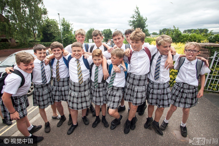 当地时间2017年6月22日,英国近日天气炎热,气温一度冲高到摄氏35.6度。 虽然天气酷热,但德文郡艾希特市(Exeter)的一所中学却明令禁止男学生穿着短裤上学。当中有大约50名男学生后来“乖乖听从校方建议”,果然不穿短裤,但是,却改穿女生裙子上学。
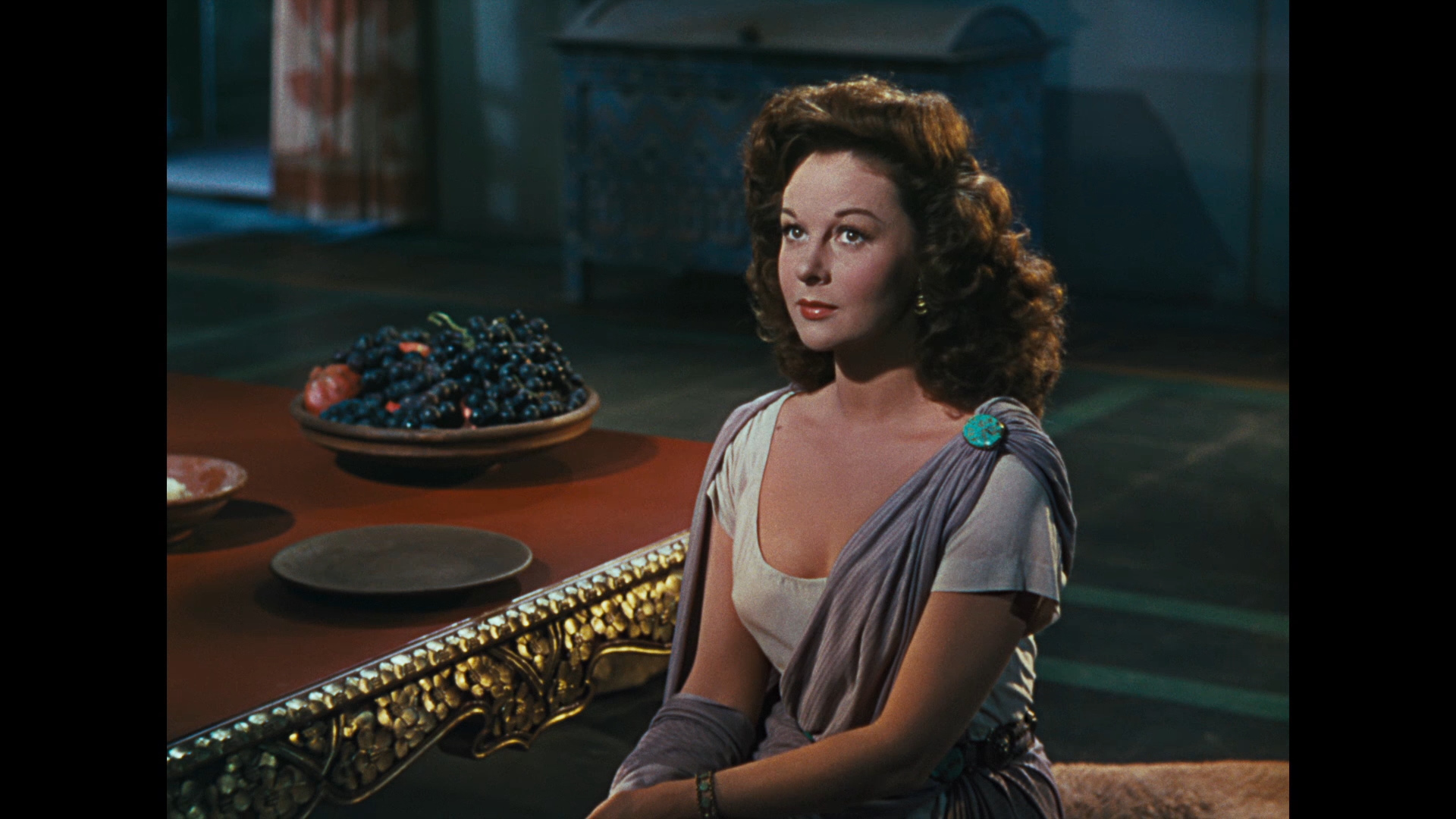 Американская актриса Сьюзен Хейворд позирует для рекламного постера фильма «Деметрий и гладиаторы» режиссера Делмера Дэйвса (Delmer Daves).
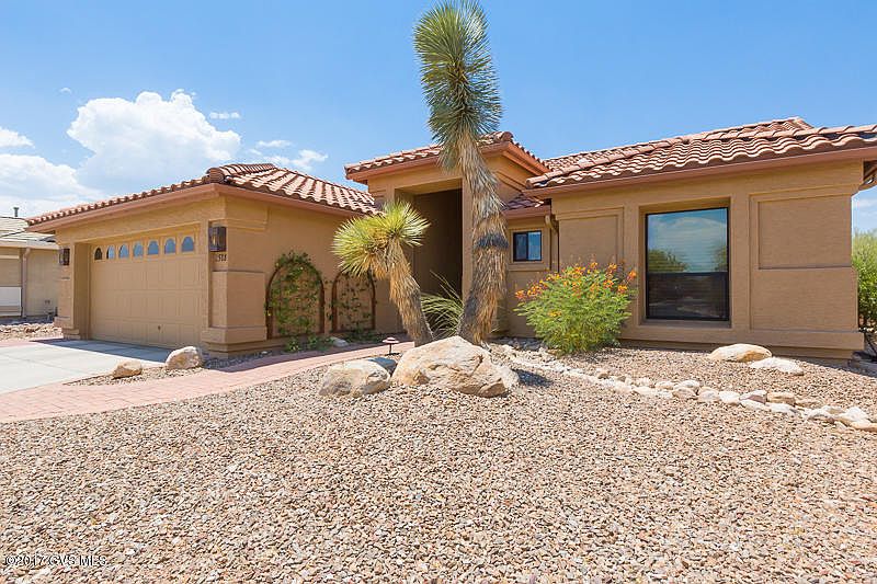 BEAUTIFUL natural setting, this home has a coveted south facing rear patio with an extended Ramada that faces an Arroyo (lots of bird & wildlife) with views of mountain tops, red sky sunsets & morning sunrises. It's the perfect place to enjoy morning coffee or entertain guests in evening light. An over-sized water feature and extended patio expand the living space of this two bedroom two bath home. With 18'' tile in all rooms (except second bedroom), hickory cabinets in kitchen & bath vanities, under cabinet lighting, upgraded lighting, security screen doors in both front & back for added breeze, new tile in master bedroom, 4' extended garage, canned lights in garage, new garage door springs, gutters, 2x6 construction, new water softener (2016), solar screens on east/west side.

▶ **AIM OF THE EXERCISE**
Repeat the lines above, starting at the first and stopping after the line that holds "Американская актриса Сьюзен", with the pictures left out.

▶ **OUTPUT FOR THIS EXERCISE**
 当地时间2017年6月22日,英国近日天气炎热,气温一度冲高到摄氏35.6度。 虽然天气酷热,但德文郡艾希特市(Exeter)的一所中学却明令禁止男学生穿着短裤上学。当中有大约50名男学生后来“乖乖听从校方建议”,果然不穿短裤,但是,却改穿女生裙子上学。
 Американская актриса Сьюзен Хейворд позирует для рекламного постера фильма «Деметрий и гладиаторы» режиссера Делмера Дэйвса (Delmer Daves).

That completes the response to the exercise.